Anonymous 0 Comments

I think you might mean the difference between sharpening a blade and honing it with a honing rod, the latter straightens out tiny knicks and dents in the blade

Anonymous 0 Comments

When a knife is used, the edge accumulates damage over time by either chipping off or bending over to a side.

When you use a rod on a knife, you’re just pushing all the bits that are bent back towards the center. There won’t be an impact to any parts of the blade that are chipped.

When you sharpen a knife, you’re removing material from the edge to create a new edge. If there are any bits of the blade that are chipped, they’ll be removed via the sharpening process.

Anonymous 0 Comments

When I knife gets “dull”, one of two things is happening.

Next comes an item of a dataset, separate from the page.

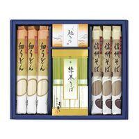 風味の良い信州そば、のど越しの良い細うどん、彩り鮮やかで香り豊かな抹茶そばをセットにしました。 信州そば・細うどんセット(抹茶そば 80g×4、信州そば 120g×3、細うどん 120g×3) / 蕎麦 うどん 詰め合わせ ギフト 食品開発株式会社 商品番号: 2990134

– The edge of the knife is still sharp, but it has bent or rolled slightly to one side or the other. [Here is a picture](https://www.globeequipment.com/learning-center/wp-content/uploads/2018/02/Victorinox_Honing-Graphic-1.jpg). This is known as the knife being out of ‘true’ – it isn’t _actually_ dull because the edge is still there – and can be corrected with a honing steel. By gliding the knife down the steel, the edge is bent back to true which improves performance. This is known as honing – **not** sharpening.

– The edge of the knife is worn down and is no longer sharp. [Here is another picture](https://cdn.shopify.com/s/files/1/0017/6632/6345/files/dull_knife_sharp_knife_compare.jpg?v=1553939104). No amount of honing will fix this because the edge is actually gone. You have to sharpen this knife – remove material from the cutting edge to get it back sharp again. **This** is sharpening.

Anonymous 0 Comments

Imagine zooming waaaaaay in on the edge of a knife. Not for real – keep those blades away from your eyes! – but in your imagination. Imagine looking at the front of the blade, and zooming in so close that the edge of the knife is a tall, skinny triangle.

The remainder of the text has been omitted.